THE FIGHT FOR RECOGNITION
IT was in the early sixties that Edouard Manet sent to the Paris Salon
his famous “Breakfast on the Grass,” painted before he was thirty,
depicting nudes among clothed figures, a favorite theme with the
Old Masters. It was rejected with a howl of moral derision. Several years
before the jury had refused his “Fifer” on the ground of technical brutality.
His paintings had the same effect on the critics as a red flag has on a bull.
He was roared at as though he were a horned beast of the Apocalypse. It
had become fashionable to gibe and sneer at Manet. Everything was good
for an attack on him, everything was a pretext.
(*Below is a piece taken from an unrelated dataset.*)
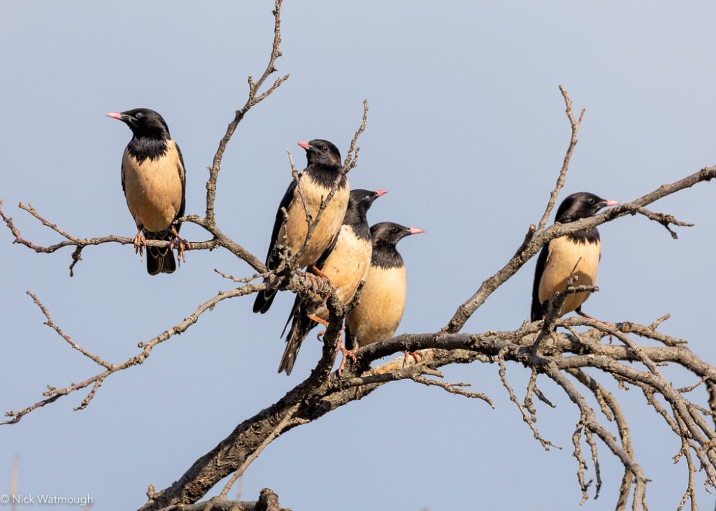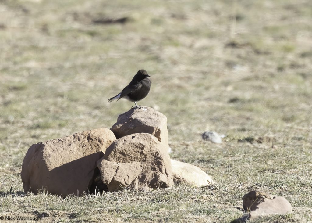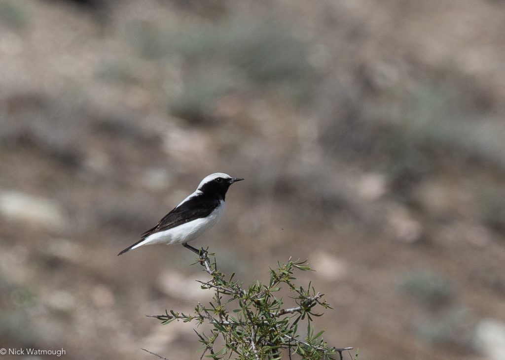 As we returned to the car Graham picked up a large falcon terrorising a distant flock of Rosy Starlings. No time to get images but good enought views to determine it was a Saker (WP #74x). We hung around for a bit, but it did not reappear. Driving out of the wadi a monochrome wheatear with a complete back tail-bar flew across the road – Finsch’s Wheatear

He shrugged his shoulders and tossed the gauntlet to his critics. He
hurled immortal blasphemies at academic authority; and brandished his
brush in the face of official painters many of whom should have been pastry
cooks and laundry men. He attacked everything that represented routine.
He fought the petty and pallid taste in art, the artificial admiration of the
connoisseur. He knew he had something original to say and fought to say it.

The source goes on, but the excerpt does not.